Faye was looking forward to what would be new this day in
her new home in Jacksonville, Florida. Her father had immigrated to the United States
through the port of Fernandina Beach. She
had no idea where that was. The boat
that brought her to New York rocked so much in the winter weather. Now, she was in Florida. Her Mom, Anna, told her that it had never
snowed here. He found a home on Stockton
Street just outside of town. So many
black skin people lived around there.
They carried knives and appeared dangerous.
What is my life going to be like now? I am so far away from my old home. Everyone speaks English, but in my old
neighborhood, we only spoke Yiddish and sometimes Flemish. She used to be known as Faigl or Fanny Jakubowska
in Belgium. Now, she wanted an English
name. The family changed their name to
Jacobs, and she changed her name to Faye Leah.
Nineteen years old – Fay was worried. Life in the United States was hard. Her father lacked ambition and stood around
his peddler’s horse and wagon, arguing politics with his landsmen from the old
country. Meanwhile, his wife Anna milked
cows and sold the neighbors’ eggs. They
had such great ideas for their new country. It seemed like everyone in the United States
only thought of themselves and how they could be millionaires.

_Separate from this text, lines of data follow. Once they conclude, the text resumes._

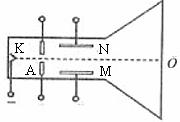 16.如图所示为一种测量电子比荷的仪器的原理图,其中阴极K释放电子,阳极A是一个中心开孔的原形金属板在AK之间加一定的电压。在阳极右侧有一堆平行正对待电金属板M、N,板件存在方法竖直向上的匀强电场,O点为荧光屏的正中央位置,且K与O的连线与M、N板间的中心线重合。电子从阴极逸出被AK间的电场加速后从小孔射出,沿KO连线方向射入M、N两级板间,已知电子从阴极逸出时的初速度、所受的重力及电子之间的相互作用均可忽略不计,在下列过程中,电子均可打到荧光屏。
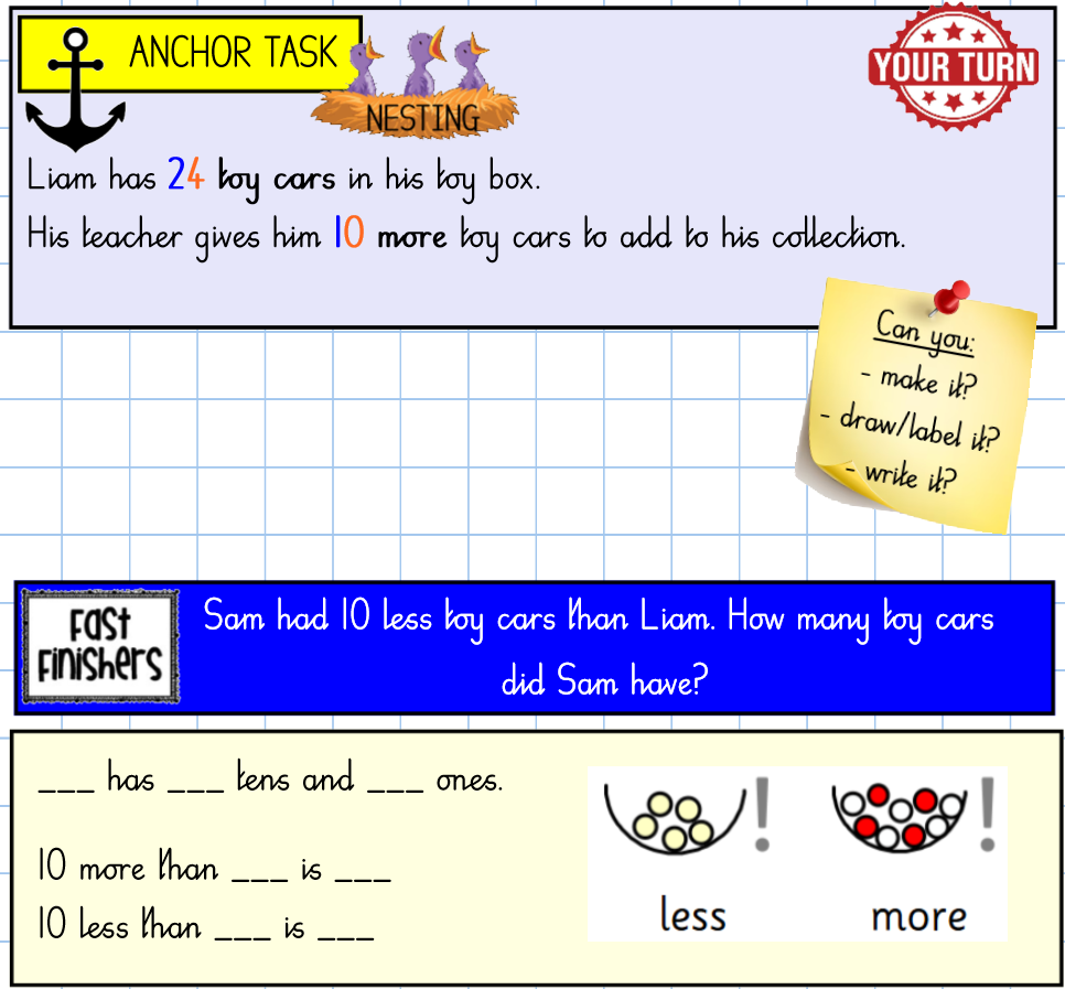 Maths lessons begin with an anchor task set in a real-life context, encouraging children to unpick a reasoning or problem-solving question through mixed-ability paired discussion. Following this, the main learning intention (WALT) and key vocabulary are introduced. All children are taught the same age-related content, with adaptations made where necessary to ensure the learning is accessible to all. Mixed-ability pairings promote collaboration and peer learning, with reasoning and problem solving in real-life contexts forming the basis of each lesson and woven throughout. Common misconceptions are identified and addressed through the main teaching, supporting children to develop secure and confident mathematical understanding.
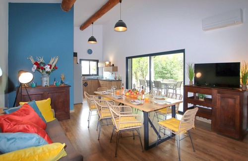 Nestled in the beautiful natural landscape of the southern Ardèche, this oasis of peace built from local natural stone welcomes you with tastefully and colourfully decorated rooms. Look forward to convivial meals and cheerful game evenings at the long dining table and enjoy the cosy ambience with a comfortable film evening or a good read.
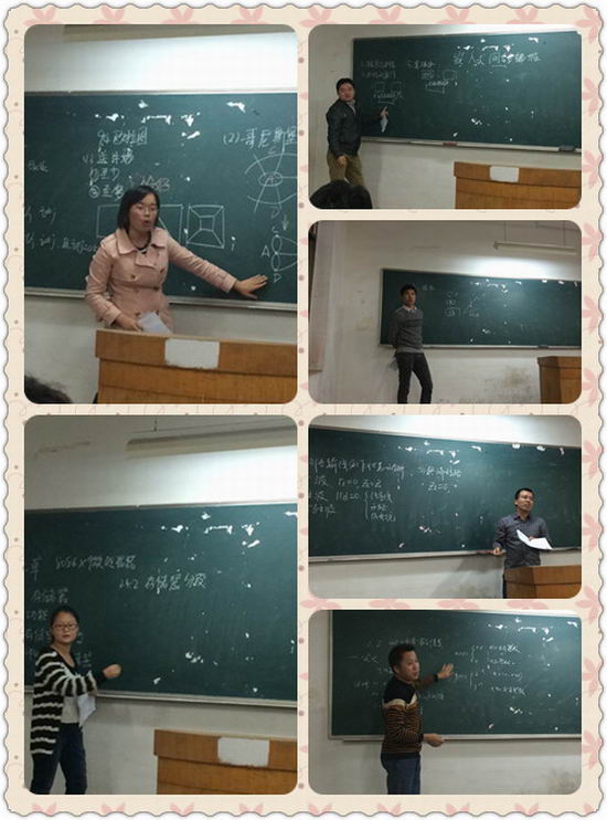 学院一贯重视本科教学效果。2014年10月14日晚上,一年一度的学院青年教师讲课比赛在主楼206举行。由系所联合选拔推荐的李书杰、汪秀敏、彭敏、李建华、沈飞和董张玉六名青年教师参加了角逐, 他们准备充分,在比赛中发挥出较高的教学水平。由郑利平副院长、院督导组孟庆鼐老师和学院侯整风、窦建华、丁志中、周清峰、路强老师担任专家组,对每位青年老师的教学特点和不足进行了现场点评,并对讲述内容的安排进行了建议,对上课技巧的运用进行了点拨。郑利平副院长主持了整场比赛,新进禁漫
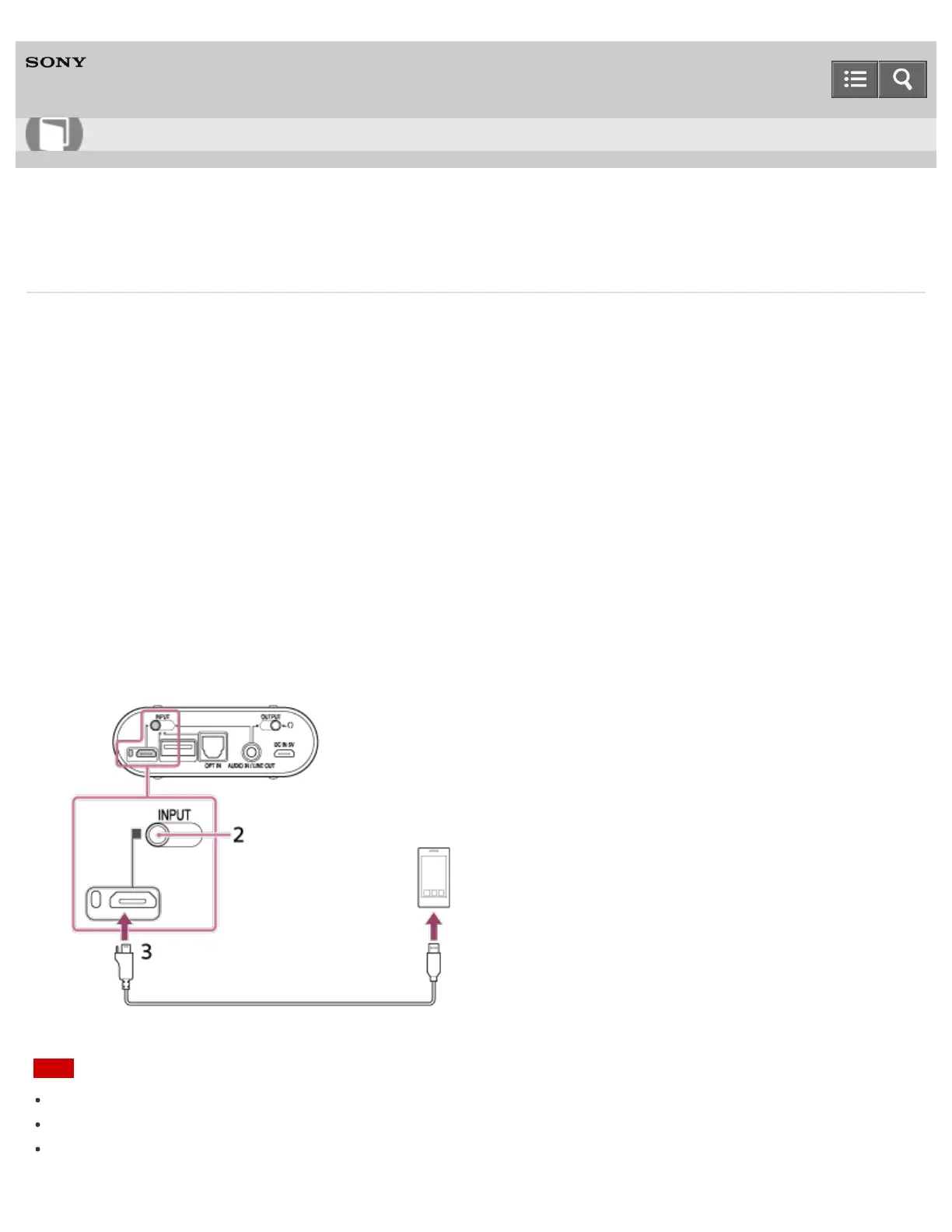3. Connect the WALKMAN to the Xperia/WALKMAN/PC (USB AUDIO) connecting port using the digital cable for
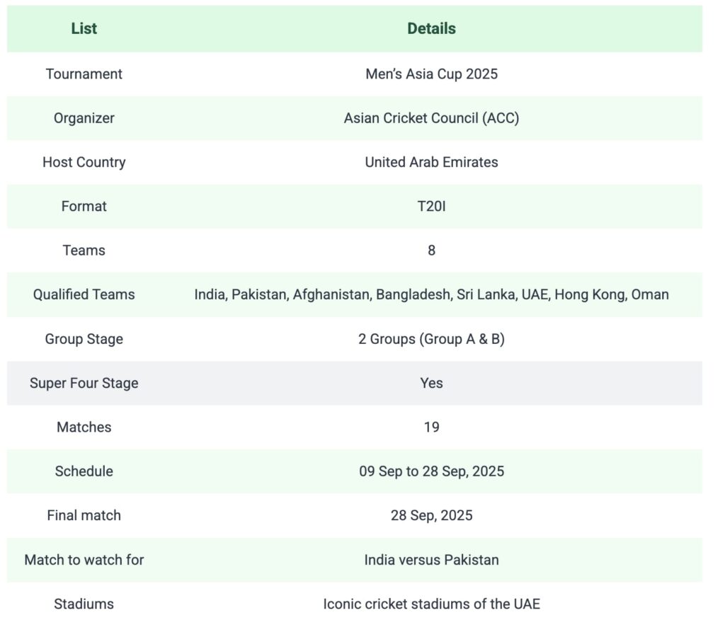 डिस्क्लेमर: इस ब्लॉग में दी गई Asia Cup 2025 से जुड़ी जानकारी केवल सामान्य सूचना के उद्देश्य से है। शेड्यूल, लाइव स्ट्रीमिंग और अन्य विवरण में समय-समय पर बदलाव संभव है। कृपया आधिकारिक स्रोत से जानकारी अवश्य जांचें।
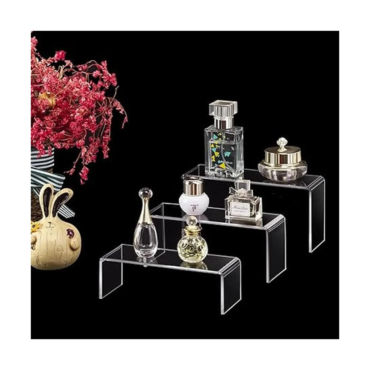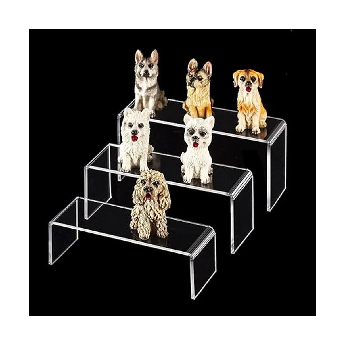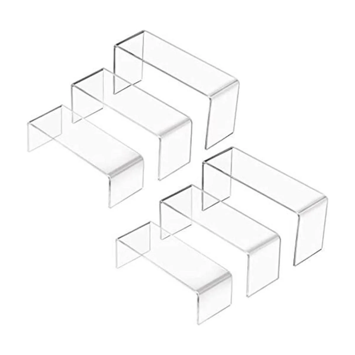 3 tamaños diferentes del juego de elevadores acrílicos Pequeño: 5.4 x 2.0 x 1.7 in, mediano: 5.7 x 2.3 in, grande: 6.0 x 2.1 x 2.9 in. También es ideal para mostrar cosméticos de maquillaje, joyas, artes y manualidades, etc.
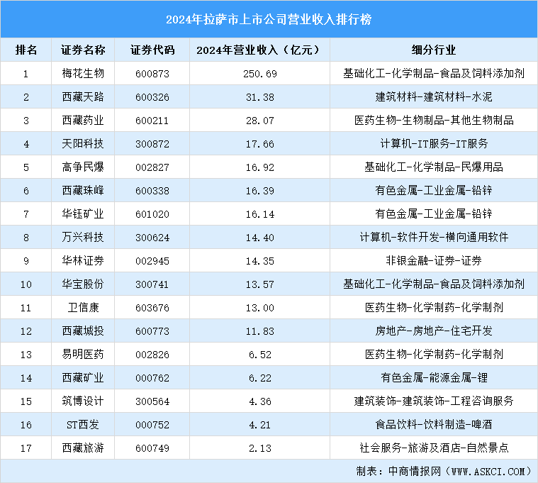 榜单中,梅花生物、西藏天路、西藏药业位列前三,天阳科技、高争民爆、西藏珠峰、华钰矿业、万兴科技、华林证券和华宝股份跻身前十。2024年拉萨市上市公司共累计实现营业收入467.84亿元。以下是2024年拉萨市上市公司营业收入排行榜:
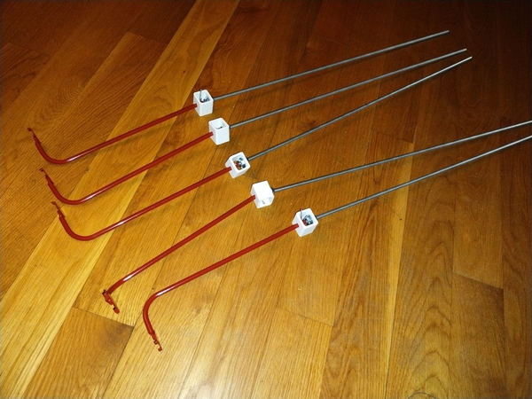 Here’s what the assembled, extended hangars look like. 1/4-20 threaded rod is very similar in diameter to the hangar, so that’s what I used. The monorail hangars are held in place by a washer and cotter pin. In theory, having a longer rod would allow you to use any of the hangars– even the short ones from the crossover set– but later on my decision to use mix-and-match hangars would introduce new challenges.

Her younger brothers and sisters went to
school, but Faye had to find odd jobs, supervise her brothers and sisters, and
help her mother at the store Anna had opened.
Things were changing in America. In Jacksonville, Florida, Jewish merchants
started opening up stores so large that they had many different floors and many
different departments. The largest was
Cohen Brothers. It was four stories tall
and took up an entire city block. It
also required a lot of employees since it had doors at the front, sides, and
back. Best of all, Faye got a job in the
Cosmetics Department at the front door. She was young, attractive, and blond.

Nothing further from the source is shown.